The 911 call taker notified the state patrol supervisor, who then directed the trooper to stop Cataline for a welfare check. The trooper and wildlife officer followed Cataline, and though they saw no traffic violation, stopped him and instructed him to turn off the engine. Cataline silently stared straight ahead and did not turn off the motor. After ignoring three requests, Cataline put the van into reverse, turned and drove the van west in the eastbound lanes. Cataline then made another turn and drove into the side of the trooper’s car, pinning the trooper behind the hyperextended door.
The wildlife officer jumped on top of the trooper’s car and shot Cataline, who died at the scene. His mother sued, alleging the stop was unconstitutional and therefore any use of force, including the shooting, was unreasonable.

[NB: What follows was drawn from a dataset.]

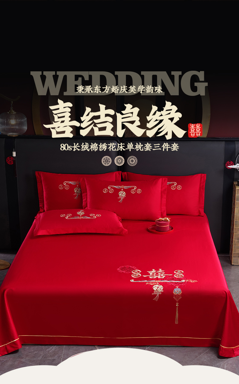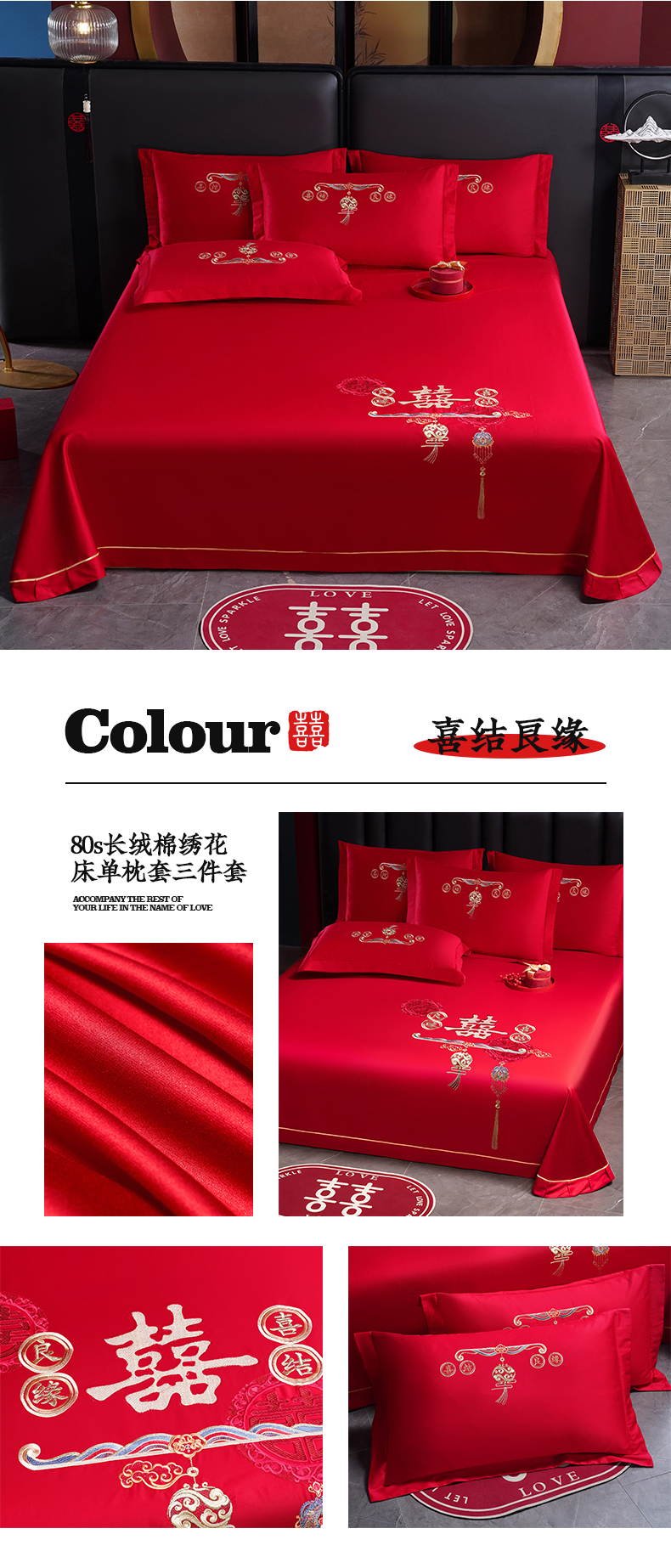 商品名称:千禧家纺 2024新款长绒棉绣花婚庆三件套 喜结良缘

The context of the 911 call, coupled with Cataline’s strange behavior at the initial contact, would lead a reasonable officer to be concerned Cataline could be excessively tired or under the influence of drugs and that he posed a risk to himself or others on the road.
The court held the wildlife officer was entitled to qualified immunity. The court bypassed the issue of whether the stop was a legitimate welfare check. In Los Angeles v. Mendez (137 S. Ct. 1539 (2017)), the Supreme Court held officers who make errors that lead them into a situation in which they are threatened do not lose the ability to lawfully defend themselves, in spite of their mistaken conduct. Thus, even if the stop was unlawful, the officers were entitled to protect themselves against Cataline.
The plaintiff argued that Cataline may have put his hands up in surrender after crashing into the trooper’s car. However, the officers denied this, and as the court observed, the only person who could conceivably contradict the officers was dead. The video recording showed the trooper was limping after being pinned to his car and screaming after being struck.
Insofar as the plaintiff sought damages for a purported Fourth Amendment violation of unlawful seizure in the traffic stop, the court held the stop was proper. The context of the 911 call, coupled with Cataline’s strange behavior at the initial contact, would lead a reasonable officer to be concerned Cataline could be excessively tired or under the influence of drugs and that he posed a risk to himself or others on the road.